对于我在大学从事的一个项目的一部分,我正在尝试使用 Python 重新创建地球,并使用它来绘制表面上的特定位置并绘制不同方向的圆圈,以便它们与我必须提供的卫星数据对齐数据集中给定时间飞机位置的表示。
我首先简单地绘制了一个线框,并在线框上绘制了我需要的点(全部按照地球及其地理区域的比例)。
我遇到的问题是,当我在球形物体上绘制点并在其上覆盖地球图像时,当球体旋转超过某个点时,这些点就会消失。所以,最初的问题是:我怎样才能阻止它们消失?
其次;我似乎找不到任何方法来绘制以球体为中心的圆 - 例如,围绕赤道的圆,然后操纵相同的想法在球体表面上绘制圆,以给出如下所示的图像:
我知道这是来自谷歌地图,但我很好奇这是否可以在Python中完成(我假设是这样)。
我当前的代码是:
import numpy as np
import matplotlib.pyplot as plt
from mpl_toolkits.mplot3d import Axes3D
from itertools import product, combinations
import PIL
#Plot the Earth
f = plt.figure(1, figsize=(13,13))
ax = f.add_subplot(111, projection='3d')
u, v = np.mgrid[0:2*np.pi:30j, 0:np.pi:20j]

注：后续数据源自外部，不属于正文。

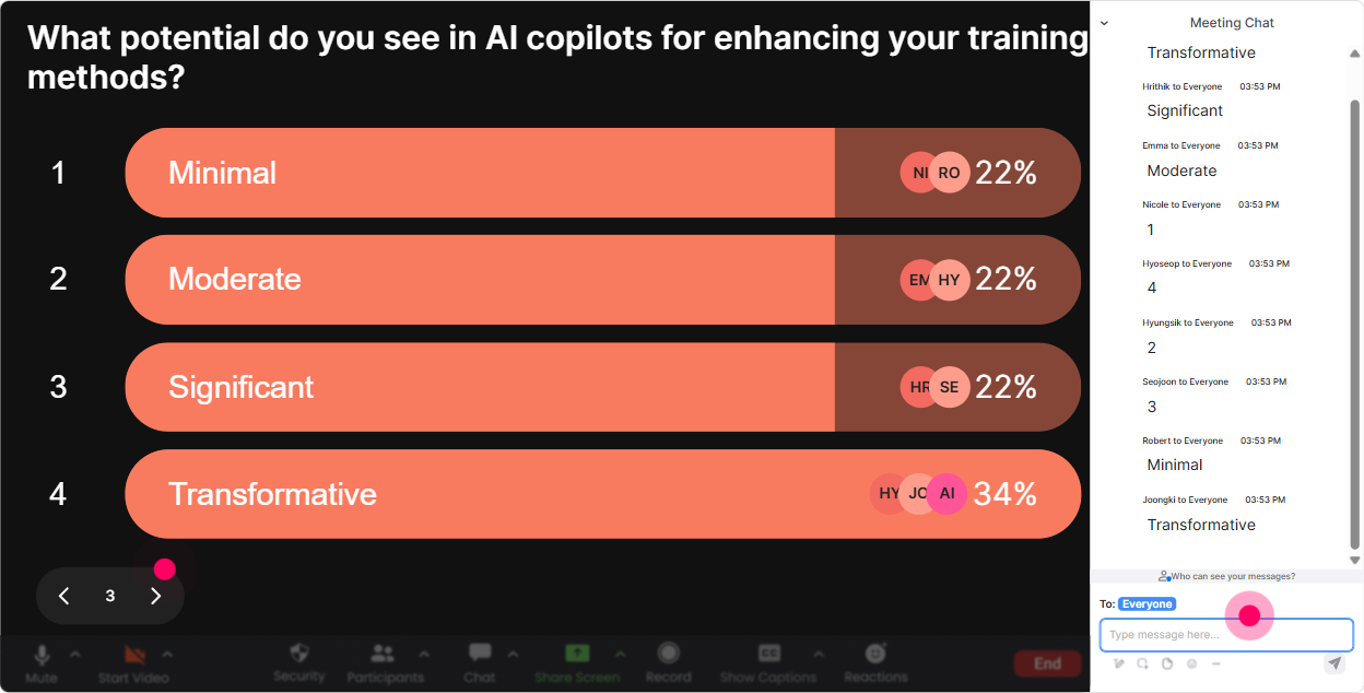Before you go deep into prompts, workflows, and policy you need to know where people are starting from. Rating Polls let people answer fast, right in chat, and you see the mood instantly. Use it like this: - On a scale of 110, how confident are you using AI-Copilots in your day-to-day work? - Rate your agencys readiness for AI-Copilots adoption (1 = not ready, 10 = fully rolling). - Mid-session pulse check: How clear is this so far? 1 = lost, 10 = crystal. Why it works: - People who wont speak up will still vote. - You can adjust your pace in real time (Looks like were at a 46 average. Lets do one more example together.).
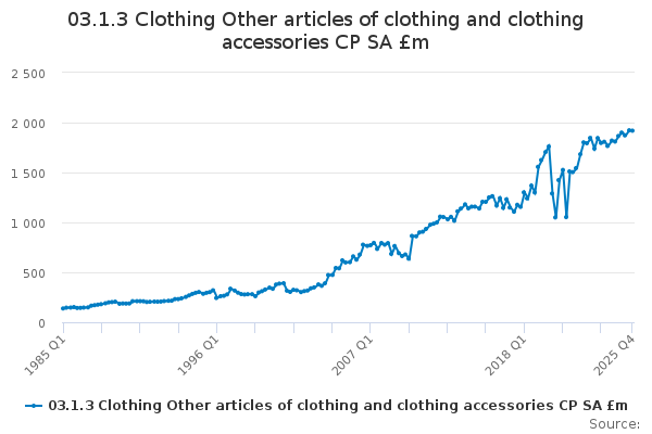 Download this time series03.1.3 Clothing Other articles of clothing and clothing accessories CP SA £m
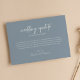 Minimalist Dusty Blue Wedding Update Downsize Announcement. The word 'wedding update' is not editable. Send this announcement card to uninvite your guest to your wedding.
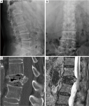 Spine Jack® is a new device for mechanical kyphoplasty (MK). It is a titanium implant designed to restore the height of the vertebral body in OVF, primary or secondary bone tumors, or traumatic fractures (A1, A2, A3.1 and type B in selected cases, according to AO classification) (6). The X-Core® adjustable VBR System is a vertebral body replacement device, indicated for use in the thoracolumbar spine (T1 to L5) to replace a diseased or damaged vertebral body caused by tumor or fracture, to restore height of a collapsed vertebral body and to achieve decompression of the spinal cord. It is an expandable titanium cage. Due to the wide footprint, the cage rests on the ring apophysis, enhancing biomechanical support. The cage was expanded in order to reduce partially the local kyphosis using the superior and inferior vertebral endplates as points of fixation. It is intended to be used with supplemental internal spinal fixation systems (7). Since February 2016, 9 patients (2 men and 7 women; mean age 81 years) affected with VP due to OVF were subjected to surgical treatment. The thoracic spine was involved in 3 cases and the lumbar spine in 6 cases. In 8 patients the thoracolumbar junction was implicated. Among the 9 patients, 7 were treated by Spine Jack®. A corpectomy was performed only in two cases (thoracic level) through the X-Core® adjustable VBR System. Preoperative radiographic exams, computed tomography (CT), and magnetic resonance imaging (MRI) were performed in all cases. Clinical outcome measures included preoperative and postoperative Oswestry Disability Index (ODI), Visual Analog Scale pain score (VAS), neurologic examination, complications, estimated blood loss, and operating time. Postoperative radiographic evaluations were made at 1, 6, and 12 months. All patients were informed about the study procedures and they signed an informed consent form. Ethical approval was obtained from the ethics clearance committee of the hospital health administration. Statistical analyses were performed independently by a nonclinical investigator assistant. The data were analyzed using standard statistical software. The results were considered statistically significant if the P value was ≤0.05 for continuous variables.

x=6371*np.cos(u)*np.sin(v)
y=6371*np.sin(u)*np.sin(v)
z=6371*np.cos(v)
ax.plot_wireframe(x, y, z, color="b")
#GES ground station @ Perth & AES @ KLIA
ax.scatter([-2368.8],[4881.1],[-3342.0],color="r",s=100)
ax.scatter([-1293.0],[6238.3],[303.5],color="k",s=100)
#Load earthmap with PIL
bm = PIL.Image.open('earthmap.jpg')
#It's big, so I'll rescale it, convert to array, and divide by 256 to get RGB values that matplotlib accept
bm = np.array(bm.resize([d/3 for d in bm.size]))/256.
#d/1 is normal size, anything else is smaller - faster loading time on Uni HPC
#Coordinates of the image - don't know if this is entirely accurate, but probably close
lons = np.linspace(-180, 180, bm.shape[1]) * np.pi/180
lats = np.linspace(-90, 90, bm.shape[0])[::-1] * np.pi/180
#Repeat code specifying face colours
x = np.outer(6371*np.cos(lons), np.cos(lats)).T
y = np.outer(6371*np.sin(lons), np.cos(lats)).T
z = np.outer(6371*np.ones(np.size(lons)), np.sin(lats)).T
ax.plot_surface(x, y, z, rstride=4, cstride=4, facecolors = bm)
plt.show()
如果有什么方法可以让这些点停止消失,甚至在赤道上绘制一个圆圈,那就太好了!
谢谢!
我相信您问题的第一部分已经大部分得到解决。关于你问题的第二部分,你一般可以尝试以下方法,
%matplotlib ipympl
import numpy as np
import matplotlib.pyplot as plt
from mpl_toolkits.mplot3d import Axes3D
# Creating an arbitrary sphere
f = plt.figure(1, figsize=(10, 10))
ax = f.add_subplot(111, projection='3d')
u, v = np.mgrid[0:2*np.pi:100j, 0:np.pi:100j]
x=np.cos(u)*np.sin(v)
y=np.sin(u)*np.sin(v)
z=np.cos(v)
ax.plot_surface(x, y, z, color="b", alpha=0.3) #low alpha value allows for better visualization of scatter points
def draw_circle_on_sphere(p:float, a:float, v:float):
'''
Parametric equation determined by the radius and angular positions (both polar and azimuthal relative to the z-axis) of the circle on the spherical surface
Parameters:
p (float): polar angle
a (float): azimuthal angle
v (float): radius is controlled by sin(v)
Returns:
Circular scatter points on a spherical surface
'''
u = np.mgrid[0:2*np.pi:30j]
x = np.sin(v)*np.cos(p)*np.cos(a)*np.cos(u) + np.cos(v)*np.sin(p)*np.cos(a) - np.sin(v)*np.sin(a)*np.sin(u)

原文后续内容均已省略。